Choose waffles not pies when visualizing parts of a whole

Which region in New Zealand has the highest share of Baby Boomers?

Apr 28, 2024

Autonomous Econ is a newsletter that empowers economists and policy analysts by equipping them with Python and data science skills. The content is designed to boost their productivity through automation and transform them into savvier analysts.

Upcoming posts will roughly be split between practical guides (80 percent) and data journalism pieces where I demonstrate the tools (20 percent).

If you find the content valuable, please consider becoming a free subscriber by clicking on the button below.

This is the first of a series of posts (Non-Normie Plots) on how to build some not so common but effective plots using Python, so that your visualizations can really stand out. The types of plots I aim to cover are used extensively by publications like The Economist and The New York Times, but can be tricky with traditional tools like Excel. I will include a notebook template with each post so that you can easily apply it to your own data.

In the first edition, I will illustrate how to create waffle plots with a Python package called pywaffle.

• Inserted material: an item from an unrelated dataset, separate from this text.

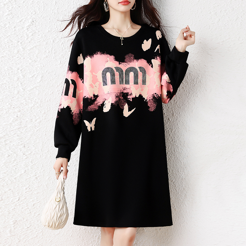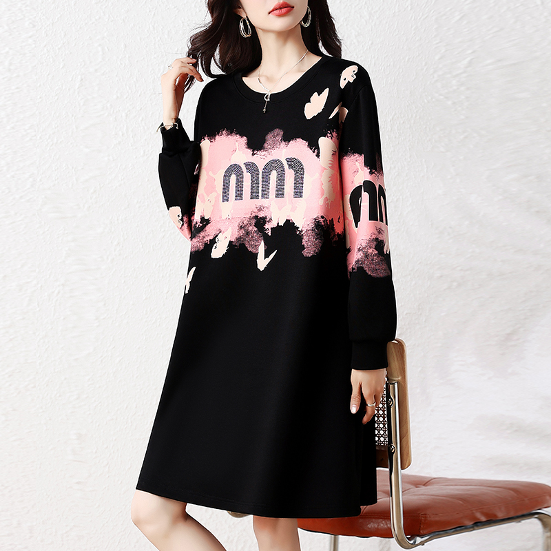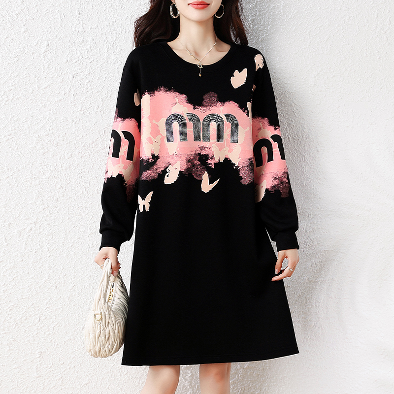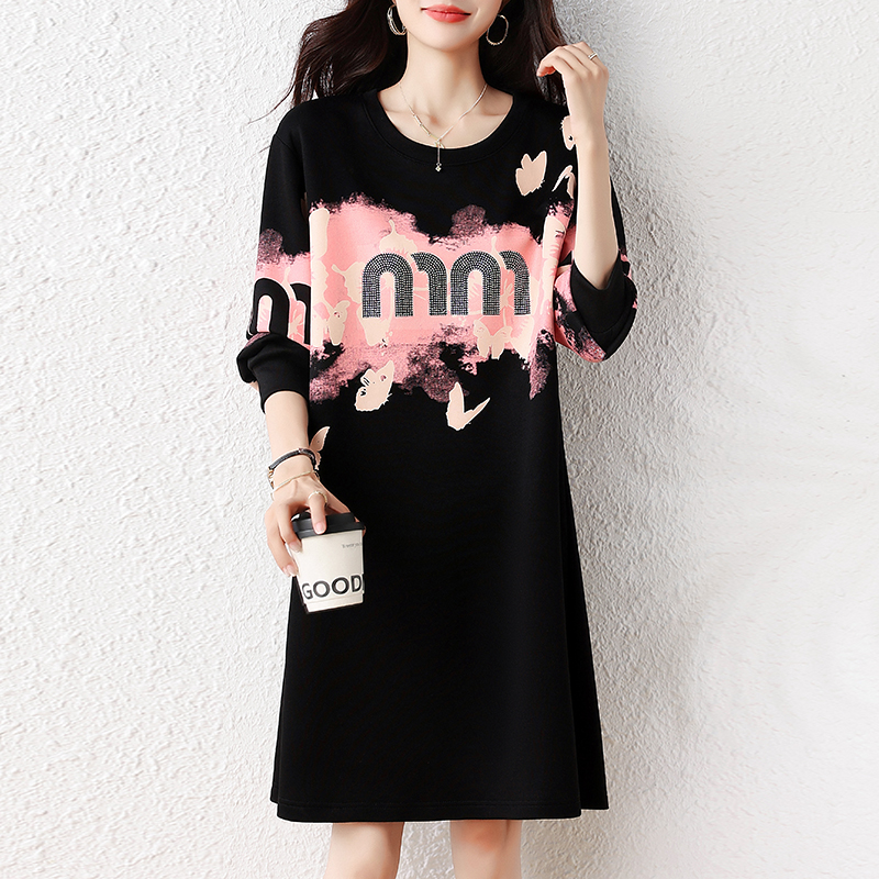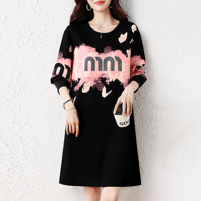 Home > 夜店裙、长袖连衣裙 > FA45729# 秋冬新款韩版时尚洋气胖mm印花重工烫钻显瘦遮肉连衣裙女 服裝批發女裝批發服飾貨源

I will dive into some demographic data of New Zealand to visualize the generational makeup of the country. By the end of it, I will produce multiple waffle plots of different regions where we have the highest concentration of Baby Boomers (those born between 1946 and 1964), Millennials (1981-1996), and Gen Zers (1997-2012).

A waffle chart representing the population distribution across different generations in New Zealand.

Why use waffle plots?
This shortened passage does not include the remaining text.